TASC List: Turning the ship

Maneuvering from a fixed position or changing speed or direction is more than a tricky accomplishment under any set of conditions. In football misdirection plays, running backs wheel and cut in the face of onrushing tacklers, wet turf, missed blocks and blown assignments. Drivers in the midst of gridlock battle road raging competitors, noise and confusion, and self-generated anxiety and tension.

But the persistent metaphor for the situation is the frequently asked question: “How long does it take to turn a carrier around, and over what distance?” The 1,100-foot long vessel proceeding at, say, 20 to 30 knots, will face the physical laws of momentum, the efficiency of its propulsion and rudder systems, the effects of wind and surface water forces, and extent to which the stopping and turning are deemed critical on the bridge.

Setting aside the classified nature of the answer for our latest aircraft carriers, a consensus approximation would be about four nautical miles to stop, and perhaps four to five minutes to accomplish a complete u-turn.

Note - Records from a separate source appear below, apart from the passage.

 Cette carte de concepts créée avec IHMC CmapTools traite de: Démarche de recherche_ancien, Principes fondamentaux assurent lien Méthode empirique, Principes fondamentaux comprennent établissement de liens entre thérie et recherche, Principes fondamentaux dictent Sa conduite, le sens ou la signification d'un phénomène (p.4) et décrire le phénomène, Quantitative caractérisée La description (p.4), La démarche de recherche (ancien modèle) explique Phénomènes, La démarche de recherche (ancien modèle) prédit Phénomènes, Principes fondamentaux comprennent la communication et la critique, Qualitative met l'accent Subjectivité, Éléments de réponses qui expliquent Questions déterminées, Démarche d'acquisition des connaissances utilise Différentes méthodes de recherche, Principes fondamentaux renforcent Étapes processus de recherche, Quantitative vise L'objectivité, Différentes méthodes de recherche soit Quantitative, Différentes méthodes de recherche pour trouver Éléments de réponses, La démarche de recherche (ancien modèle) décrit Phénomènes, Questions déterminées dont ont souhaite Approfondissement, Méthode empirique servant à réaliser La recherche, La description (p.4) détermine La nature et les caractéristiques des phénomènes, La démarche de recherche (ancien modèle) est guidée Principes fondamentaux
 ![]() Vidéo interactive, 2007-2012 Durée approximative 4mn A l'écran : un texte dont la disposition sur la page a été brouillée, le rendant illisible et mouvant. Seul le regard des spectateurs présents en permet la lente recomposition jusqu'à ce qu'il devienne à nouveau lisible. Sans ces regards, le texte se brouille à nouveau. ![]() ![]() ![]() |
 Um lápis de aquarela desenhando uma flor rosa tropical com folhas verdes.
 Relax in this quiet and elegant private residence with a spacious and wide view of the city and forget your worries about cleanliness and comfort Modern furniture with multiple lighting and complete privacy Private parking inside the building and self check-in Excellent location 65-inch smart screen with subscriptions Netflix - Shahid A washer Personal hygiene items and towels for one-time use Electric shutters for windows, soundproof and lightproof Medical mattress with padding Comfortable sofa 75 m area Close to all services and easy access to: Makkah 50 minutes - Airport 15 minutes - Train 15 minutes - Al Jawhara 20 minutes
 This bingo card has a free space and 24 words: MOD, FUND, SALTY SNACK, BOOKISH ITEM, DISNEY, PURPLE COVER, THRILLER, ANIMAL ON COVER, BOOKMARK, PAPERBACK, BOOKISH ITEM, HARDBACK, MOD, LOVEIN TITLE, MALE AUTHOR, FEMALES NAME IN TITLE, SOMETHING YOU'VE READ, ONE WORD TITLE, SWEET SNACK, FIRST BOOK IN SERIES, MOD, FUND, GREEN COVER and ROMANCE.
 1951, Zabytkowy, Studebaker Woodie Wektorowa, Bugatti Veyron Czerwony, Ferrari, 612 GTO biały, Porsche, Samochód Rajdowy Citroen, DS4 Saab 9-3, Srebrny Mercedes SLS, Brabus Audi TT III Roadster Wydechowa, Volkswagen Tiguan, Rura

That raises the very important question here in Wilton: “How long should it take to turn around a town from the course it has been following for some time? We know the answer lies somewhere in between: don’t bother trying because it can’t be done, and the time it takes to replace an existing administration’s major players with new resources willing to try.

And that’s the really good news at the moment. The navigation mechanisms have been activated here and the bridge has placed the need for directional change in the critical category. Let’s look at our situation a bit closer.

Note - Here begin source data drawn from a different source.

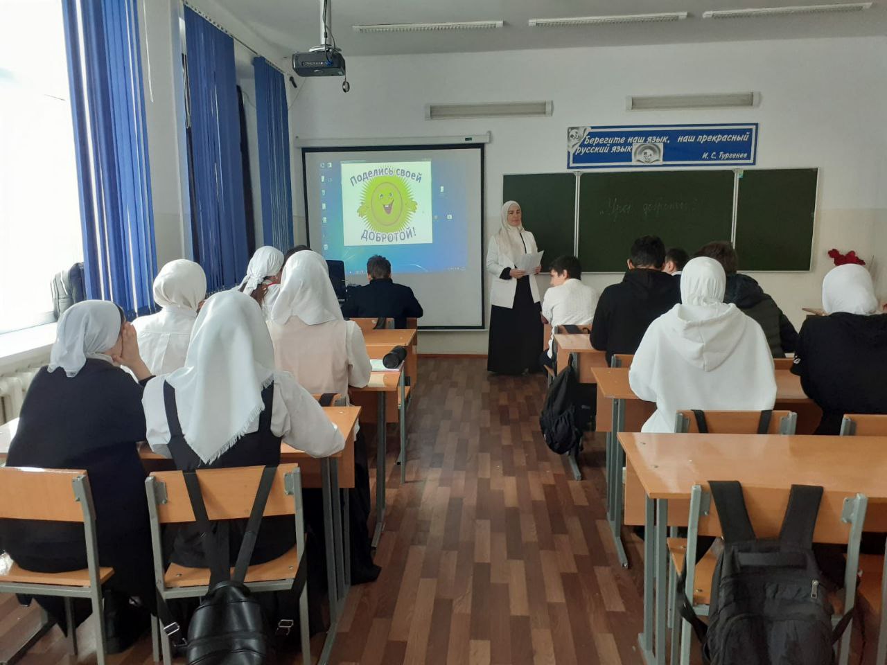 06.12.2022В рамках проведения «Урока доброты» 6 декабря 2022г. социальный-педагог Каримова Билкиса Мовсаровна, психолог Алсамбекова Табарик Хусейновна с учащимися с 1-11 классов провела различные мероприятия, целью проведения которых было: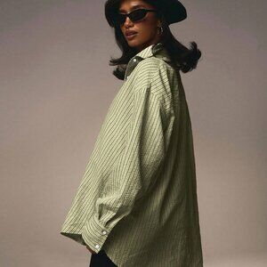 Green Casual Womens Long Sleeve Striped Front Button Blouse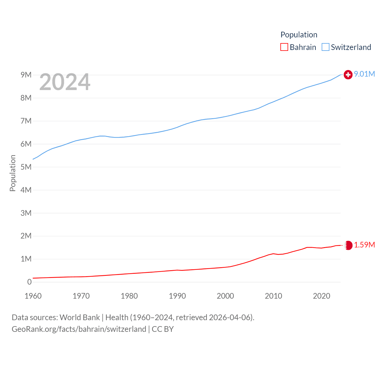 Bahrain has a population of 1.59M (ranked 151/197), compared with 9.01M in Switzerland (ranked 101/197). Bahrain's land area is 309 sq mi versus 15,255 sq mi for Switzerland (ranked 174th vs. 131st).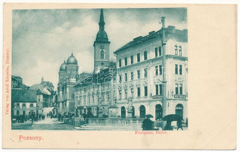 Pozsony, Pressburg, Bratislava; Fischplatz / Hal tér, zsinagóga, Victoria szálloda, piac, üzletek. Adolf Karpeles kiadása / square, synagogue, hotel, market, shops (EK)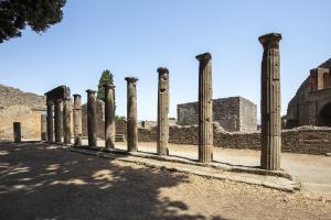 The temple was next to the so-called Triangular Forum, one of the oldest areas of archaic Pompeii, which was a very different city from that of 79 AD, with a patchy urban structure. The much older Temple of Athena, on a stretch of the lava bank that gave onto the port on the river Sarno. was located here. The temple and the entire area had profound meaning, as well as being of religious importance, and they were in a scenic position, visible from a great distance, so they were important as signalling posts for trade. The name Triangular Forum comes from the shape of the temple and of the lava bank, which could be seen to be triangular both from the land and from the sea. It is believed that, after the cult of Athena came that of Hercules, the legendary founder of the city, and that, according to some sources, his legendary heroon, or hero’s tomb, is located here. It was said that the Greek hero, returning home from one of his labours, founded Herculaneum, and was then honoured by the natives with a sacred procession, or pompa, in the place where the city would later be built, recalling in its name the memory of that ceremony: “As he was coming through Campania from Spain, Hercules made a triumphal procession (pompa) in a Campania town, and this is how Pompeii got its name.”

The important forces at work today in Wilton are led by a whole new set of human resources. We have a first selectman who is interested in quantitative methods and analytical processes that are data rich and fact based. At the same time she has penetrated the assumptions that underlie whatever models or representations are available for use, and invites the opinions of the citizens who will be affected by the outcomes and directions ultimately reached. Her chief financial officer intends to upgrade the controls and auditability aspects of systems and procedures involved in order to improve the accuracy and integrity of the town’s books, methods, measurements, representations, and evaluations.

We have a chairman of the Board of Finance who is surrounded with colleagues who focus on objective measures of performance, results orientation, clear rationale for decision making, and display a vigorous willingness to ask: “how can we do better?” Together they support searching and incisive audits to assess how well we understood the past, and how effectively we can predict the future. They have inspected the key variables behind our financial operations status, and have exposed them to sensitivity perturbations in order to gauge the confidence levels we might expect when we extend our methods out in time. And they expect other operational and educational functions to provide longer range outlooks as well. Impact assessment has moved front and center for financial reviews and budget discussions.

The district superintendent has a performance plan with goals for capping and reducing budgetary levels and focusing on cost efficiencies and minimization. This is a serious step forward from past objectives which were, and are today in most educational jurisdictions, almost entirely based on classroom objectives and initiatives. There is a growing realization in such offices that quality of education (products and outcomes) is not strictly tied to the amount of money expended on the effort. He will also assure by internal audit that fundamental controls over financial reporting and asset accounting meet requirements and expectations.

Recognizing the changes in players, interests, objectives, and focus, it is no surprise that the new budget objectives are intended to reverse the upward tax burden trends of so many years past. The consequences of these forces will slow the forward momentum of our ship. We will course-correct.

And how will that reenergize Wilton? We will reduce the outflow of citizens seeking economic stability. We will attract families looking for homes that retain value. Business owners will view the community as responsible, conservative, practical, and affordable. Current taxpayers will believe that along with the unusually high quality of life and surpassing natural beauty of its surroundings, they can live in a well-managed, financially prudent, and citizen-responsive community.

They will be able to experience first-hand the fondest hopes and expectations of voyagers everywhere — “fair winds and following seas.”